Dataset extract Block Start

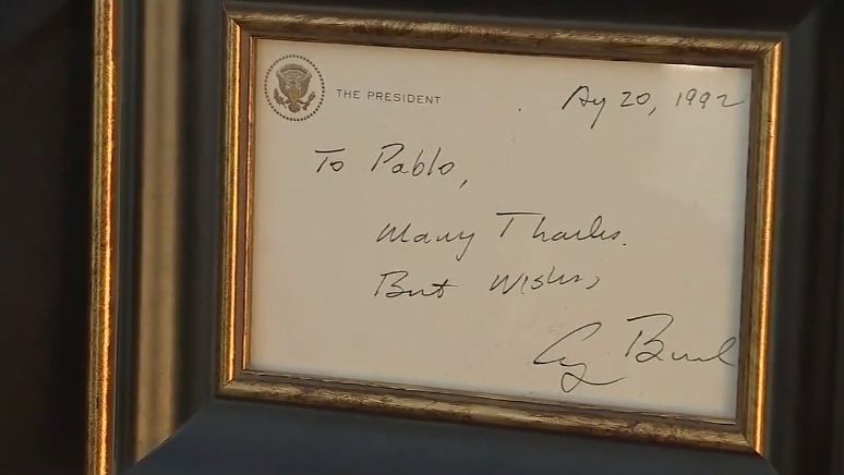 比如一位叫Pablo的老裁缝,带着老布什亲手写给他的感谢信来进行悼念,他为老布什夫妇服务了30年:“总统先生待我如亲人,今天我们失去了一个伟人。”
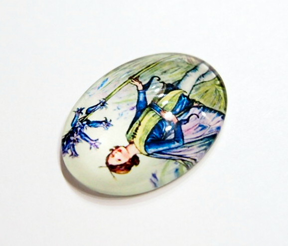 You are buying 2 of 40 mm x 30 mm Child Fairy or Angel Glass Flower Staff Cameos Glass Cameos. These are so gorgeous, this shows a Fairy or Angel Child Standing holding a Staff of flowers with her wings in Blue matching the Colors of her outfit standing in the grass, the colors are so bright and vibrant. Gorgeous color combinations. I have several different settings these will fit in. They measure 40x30 mm. They look very detailed for their size. I have lots of Great Bails, Bracelets, Cameos, Chains, Connectors, Jump Rings, Lockets, Pendants, Pins, Rings & Settings so, just look at all my listings. I have these in 17 other Colors & in a group of 18 Colors as shown in the last picture item #111210026164. I have this same cameo in 25x18 Plus I have lots of other Glass Cameos in 40x30 mm & 25x18 mm & in Groups.
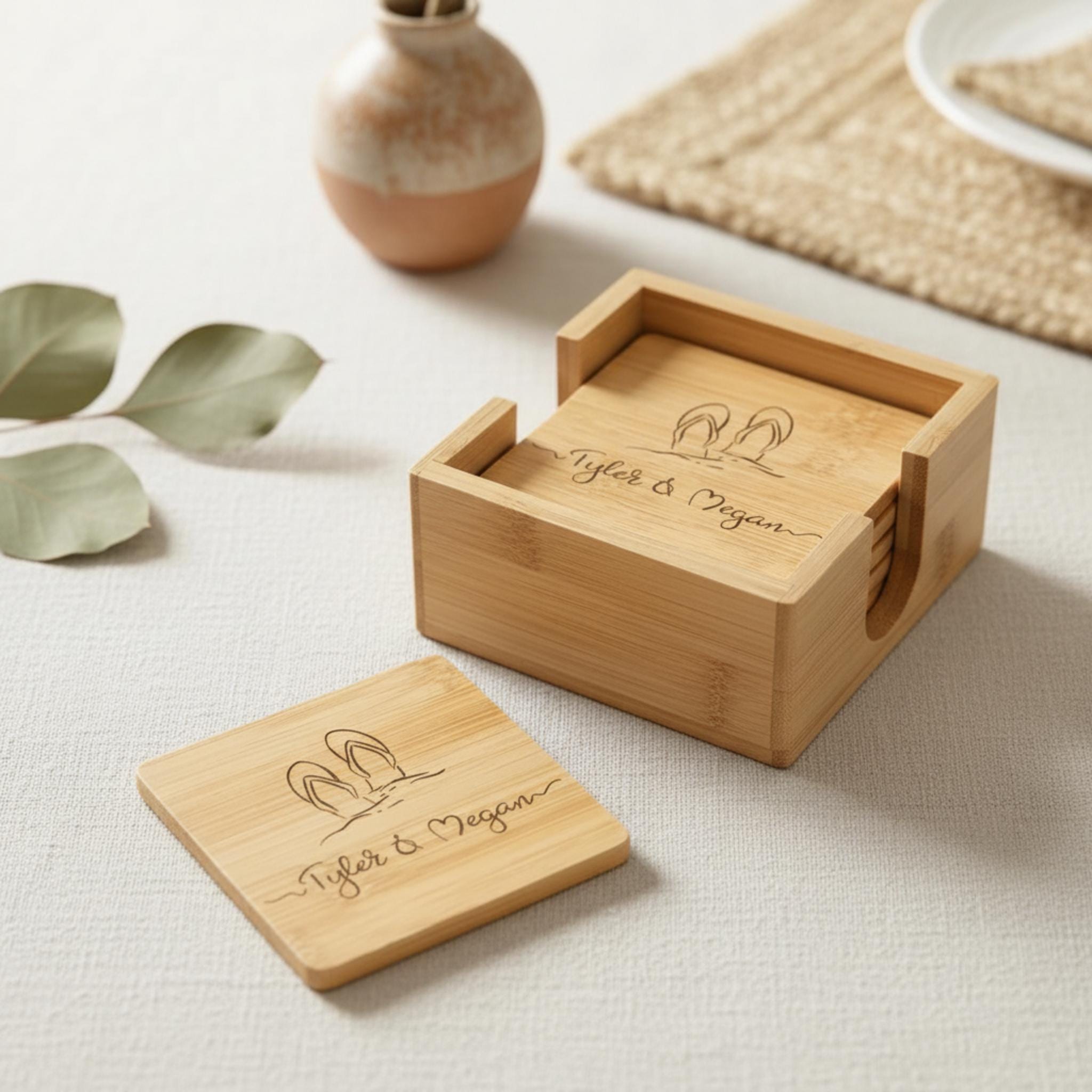 Pair the personalized board with the matching coaster set for a complete, sophisticated presentation.

Dataset extract Block End

▶ **Work instruction**: A verbatim transcription of the listing is expected, with no pictures included.

▶ **The completed task**:
 比如一位叫Pablo的老裁缝,带着老布什亲手写给他的感谢信来进行悼念,他为老布什夫妇服务了30年:“总统先生待我如亲人,今天我们失去了一个伟人。”
 You are buying 2 of 40 mm x 30 mm Child Fairy or Angel Glass Flower Staff Cameos Glass Cameos. These are so gorgeous, this shows a Fairy or Angel Child Standing holding a Staff of flowers with her wings in Blue matching the Colors of her outfit standing in the grass, the colors are so bright and vibrant. Gorgeous color combinations. I have several different settings these will fit in. They measure 40x30 mm. They look very detailed for their size. I have lots of Great Bails, Bracelets, Cameos, Chains, Connectors, Jump Rings, Lockets, Pendants, Pins, Rings & Settings so, just look at all my listings. I have these in 17 other Colors & in a group of 18 Colors as shown in the last picture item #111210026164. I have this same cameo in 25x18 Plus I have lots of other Glass Cameos in 40x30 mm & 25x18 mm & in Groups.
 Pair the personalized board with the matching coaster set for a complete, sophisticated presentation.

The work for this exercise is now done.